━━━━━ DATA UNDER STUDY
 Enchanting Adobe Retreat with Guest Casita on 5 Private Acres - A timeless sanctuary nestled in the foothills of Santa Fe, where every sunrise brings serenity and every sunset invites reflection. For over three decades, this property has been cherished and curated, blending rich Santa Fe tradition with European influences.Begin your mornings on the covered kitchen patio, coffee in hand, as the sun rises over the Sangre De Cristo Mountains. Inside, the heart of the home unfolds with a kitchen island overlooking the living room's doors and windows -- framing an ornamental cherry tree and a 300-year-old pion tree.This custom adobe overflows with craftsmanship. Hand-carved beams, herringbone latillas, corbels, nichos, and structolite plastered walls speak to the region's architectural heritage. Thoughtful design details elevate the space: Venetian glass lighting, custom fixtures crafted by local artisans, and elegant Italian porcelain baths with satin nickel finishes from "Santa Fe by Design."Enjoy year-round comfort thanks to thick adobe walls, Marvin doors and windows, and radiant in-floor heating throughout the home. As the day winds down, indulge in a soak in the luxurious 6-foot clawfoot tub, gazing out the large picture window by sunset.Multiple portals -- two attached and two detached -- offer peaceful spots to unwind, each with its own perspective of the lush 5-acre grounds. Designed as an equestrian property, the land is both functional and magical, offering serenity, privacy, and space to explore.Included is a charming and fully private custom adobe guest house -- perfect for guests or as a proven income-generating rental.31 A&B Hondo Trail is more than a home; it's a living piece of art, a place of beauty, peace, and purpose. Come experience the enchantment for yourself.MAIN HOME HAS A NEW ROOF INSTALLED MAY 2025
━━━━━━━━━━
━━━━━ DATA UNDER STUDY
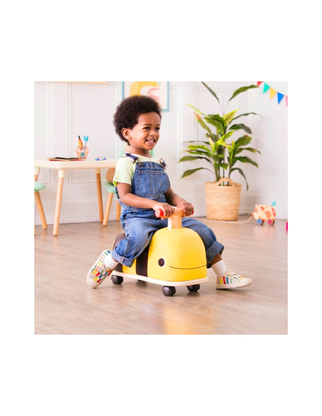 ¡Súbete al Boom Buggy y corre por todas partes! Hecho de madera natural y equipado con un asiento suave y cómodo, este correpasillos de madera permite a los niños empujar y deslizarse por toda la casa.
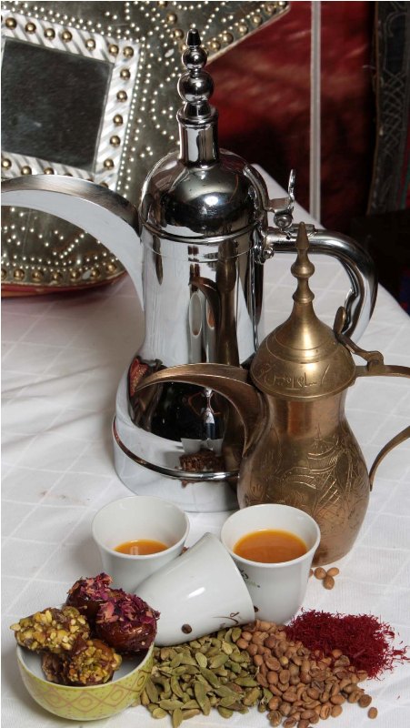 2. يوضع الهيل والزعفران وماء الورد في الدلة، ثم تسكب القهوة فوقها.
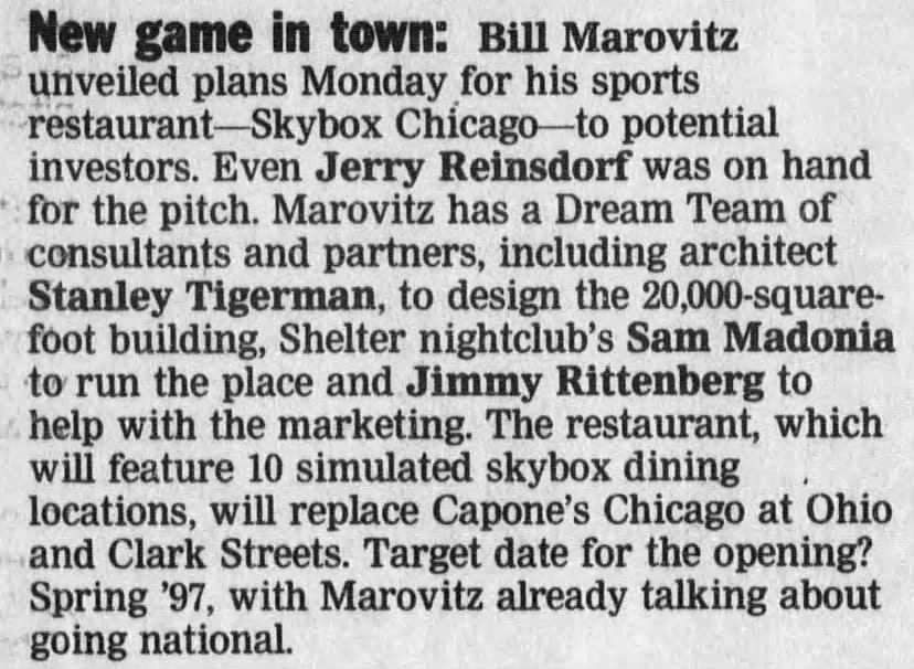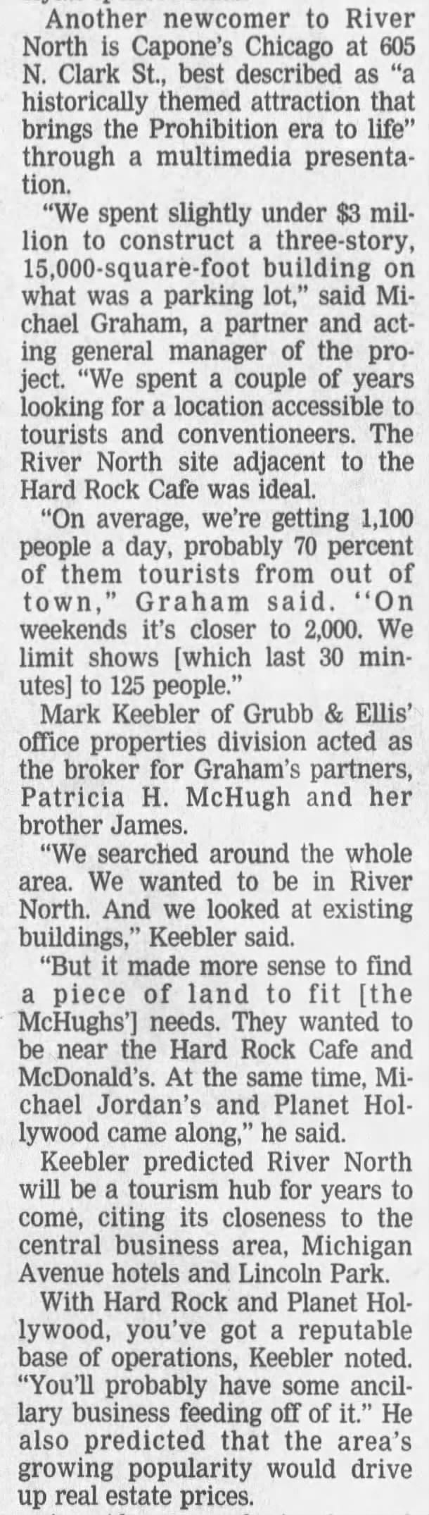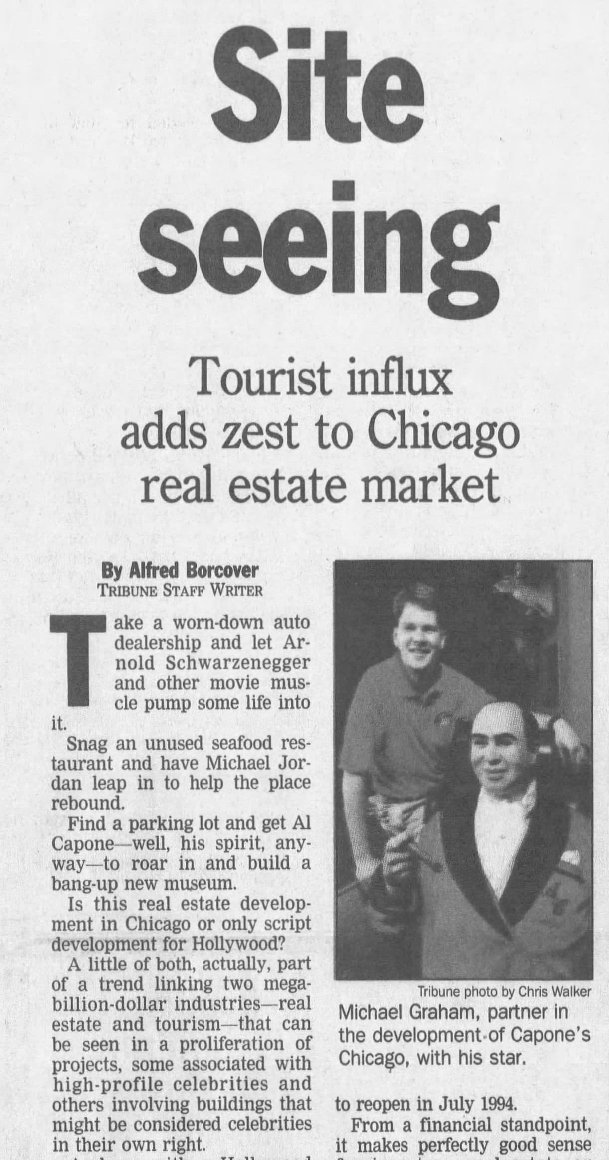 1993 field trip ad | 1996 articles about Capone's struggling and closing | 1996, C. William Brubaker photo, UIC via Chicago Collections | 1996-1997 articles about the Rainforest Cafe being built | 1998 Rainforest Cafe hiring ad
━━━━━━━━━━
With the pictures removed from your copy, retype the lines above from the one that contains "toda la casa." through the one that contains "1993 field trip", exactly.

OUTPUT BELOW:
 ¡Súbete al Boom Buggy y corre por todas partes! Hecho de madera natural y equipado con un asiento suave y cómodo, este correpasillos de madera permite a los niños empujar y deslizarse por toda la casa.
 2. يوضع الهيل والزعفران وماء الورد في الدلة، ثم تسكب القهوة فوقها.
 1993 field trip ad | 1996 articles about Capone's struggling and closing | 1996, C. William Brubaker photo, UIC via Chicago Collections | 1996-1997 articles about the Rainforest Cafe being built | 1998 Rainforest Cafe hiring ad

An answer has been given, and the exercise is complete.